The Dutch Federation of Pension Funds (Pensioenfederatie) has warned that the proposed simplification of the European Sustainability Reporting Standards (ESRS) must not “reduce the quality of the information investors need to assess sustainability-related risks”.
In its response to the European Commission (EC), the federation was largely positive of the EC’s efforts to simplify reporting requirements and align them more closely with other European and international sustainability rules.
It also welcomed the EC’s decision to largely follow the European Financial Reporting Advisory Group’s (EFRAG) technical advice.
However, it urged the commission to “show restraint” when introducing exemptions that allow companies to omit certain information or delay disclosure.
For example, it noted that the draft Delegated Act goes beyond EFRAG’s recommendations concerning disclosures on anticipated financial effects of sustainability risks and opportunities.
Under current proposals, organisations would be allowed to omit information considered seriously prejudicial to commercial interests and defer quantitative disclosures until the 2030 financial year.
The federation cautioned that cases where physical or transition risks are so elevated that disclosure could adversely affect an undertaking’s commercial position are “precisely the situations where transparency on anticipated financial effects would be most critical”.
In addition, Pensioenfederatie welcomed the clarification that financial institutions only need to report on investments held on their own account, not on investments they manage on behalf of clients.
“This clarification helps reduce legal uncertainty and supports a more proportionate and workable application of the ESRS for asset managers acting as agents on behalf of clients.
"Some pension asset managers in the Netherlands are owned by pension funds.
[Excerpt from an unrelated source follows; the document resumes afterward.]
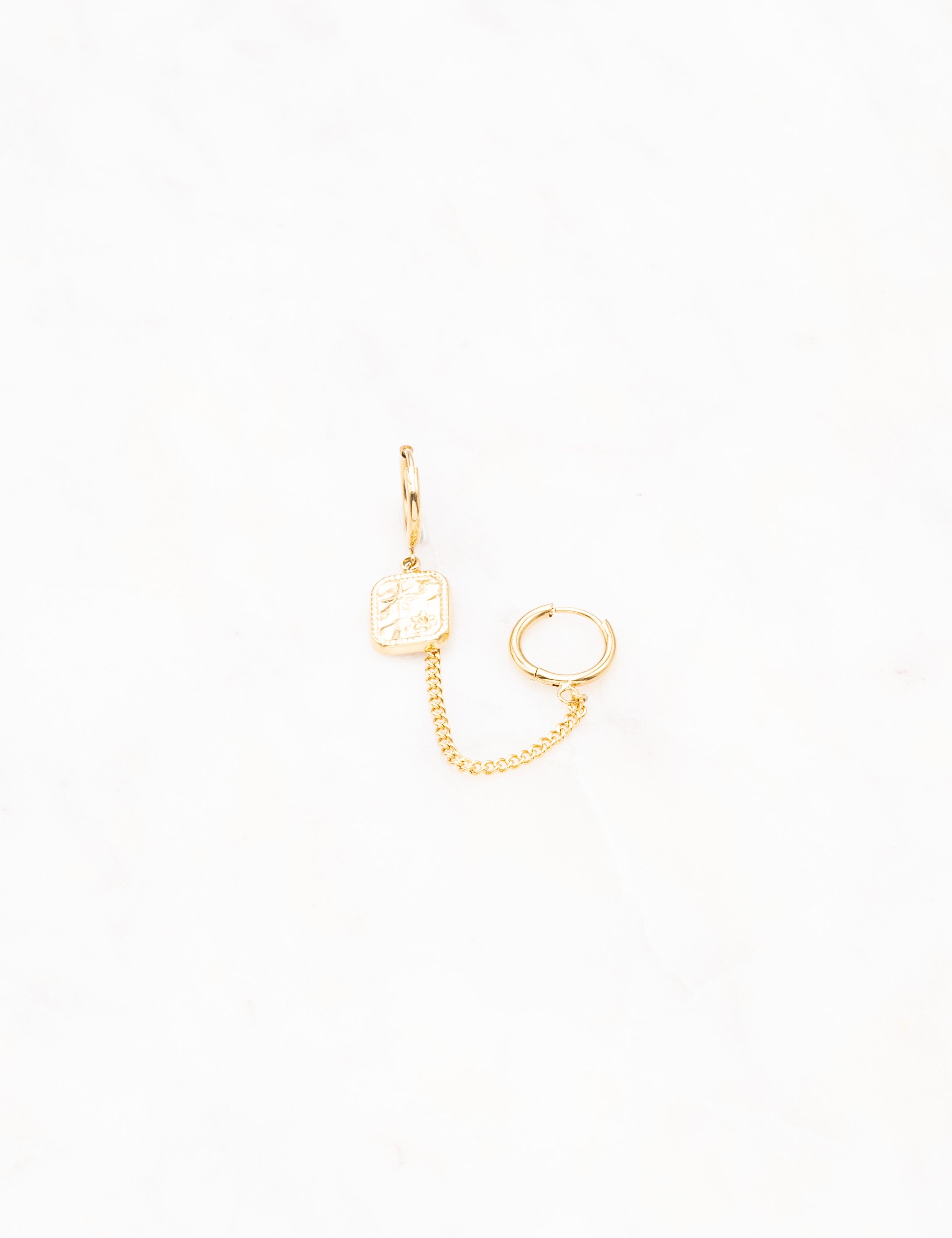 Mono boucle d'oreille type créoles composées d'une chaîne, d'une pampille rectangulaire embellie de motifs étoilés.

We support appropriate disclosures by financial institutions through the Sustainable Finance Disclosure Regulation as well as the inclusion of IORPs in its scope,” it said.
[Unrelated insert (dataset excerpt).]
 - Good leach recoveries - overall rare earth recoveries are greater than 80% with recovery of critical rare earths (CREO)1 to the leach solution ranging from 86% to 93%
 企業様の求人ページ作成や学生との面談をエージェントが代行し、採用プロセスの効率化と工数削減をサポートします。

However, it flagged that the wording of the newly introduced articles (17 and 37) could be further improved by removing the reference to ‘fiduciary duty’.
“This concept is not defined under the ESRS and could create interpretative uncertainty, particularly for third-party asset management activities that may not formally qualify as fiduciary management relationships in all jurisdictions or business models.
"A broader formulation referring to investments managed on behalf of clients would provide greater legal clarity and better reflect the intended scope exclusion,” it stated.
The federation also underlined the importance of keeping the European reporting standards closely aligned with international sustainability standards.
“We welcome the progress made in aligning the ESRS with the IFRS Sustainability Standards and note the strong willingness of both the Commission and the ISSB to enhance interoperability. We encourage continued efforts to further improve interoperability going forward,” it said.